_Activity_
Begin with the first line of the entries below. Copy each line exactly, stopping after the one that contains "Let us put Some".

_Supplied records_
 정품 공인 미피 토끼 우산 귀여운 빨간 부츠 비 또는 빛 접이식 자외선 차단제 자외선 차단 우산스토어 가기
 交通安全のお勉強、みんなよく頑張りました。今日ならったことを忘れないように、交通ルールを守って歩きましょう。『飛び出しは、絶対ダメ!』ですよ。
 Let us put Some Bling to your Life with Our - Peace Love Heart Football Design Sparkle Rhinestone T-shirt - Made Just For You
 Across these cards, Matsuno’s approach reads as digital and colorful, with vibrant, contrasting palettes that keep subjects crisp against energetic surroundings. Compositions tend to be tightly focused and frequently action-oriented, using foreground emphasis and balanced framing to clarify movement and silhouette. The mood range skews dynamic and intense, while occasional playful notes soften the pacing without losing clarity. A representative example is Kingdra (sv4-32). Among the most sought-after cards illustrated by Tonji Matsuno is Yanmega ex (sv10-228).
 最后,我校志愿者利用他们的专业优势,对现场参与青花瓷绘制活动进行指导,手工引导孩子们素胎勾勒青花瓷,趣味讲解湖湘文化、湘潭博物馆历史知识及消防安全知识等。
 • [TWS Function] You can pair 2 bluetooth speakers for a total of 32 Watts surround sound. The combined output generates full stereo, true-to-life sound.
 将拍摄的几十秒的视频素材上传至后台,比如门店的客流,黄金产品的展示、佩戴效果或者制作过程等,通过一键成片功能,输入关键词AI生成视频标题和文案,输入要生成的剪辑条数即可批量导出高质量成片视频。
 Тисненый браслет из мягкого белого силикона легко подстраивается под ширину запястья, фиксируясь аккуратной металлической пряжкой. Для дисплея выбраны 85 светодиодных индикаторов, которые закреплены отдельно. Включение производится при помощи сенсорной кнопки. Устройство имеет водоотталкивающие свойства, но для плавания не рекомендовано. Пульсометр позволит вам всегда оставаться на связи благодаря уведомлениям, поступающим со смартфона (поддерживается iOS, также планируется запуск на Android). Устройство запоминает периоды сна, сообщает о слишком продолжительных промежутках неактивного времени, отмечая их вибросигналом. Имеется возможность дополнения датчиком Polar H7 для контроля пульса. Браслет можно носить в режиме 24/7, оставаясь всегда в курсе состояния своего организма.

_Response_
 정품 공인 미피 토끼 우산 귀여운 빨간 부츠 비 또는 빛 접이식 자외선 차단제 자외선 차단 우산스토어 가기
 交通安全のお勉強、みんなよく頑張りました。今日ならったことを忘れないように、交通ルールを守って歩きましょう。『飛び出しは、絶対ダメ!』ですよ。
 Let us put Some Bling to your Life with Our - Peace Love Heart Football Design Sparkle Rhinestone T-shirt - Made Just For You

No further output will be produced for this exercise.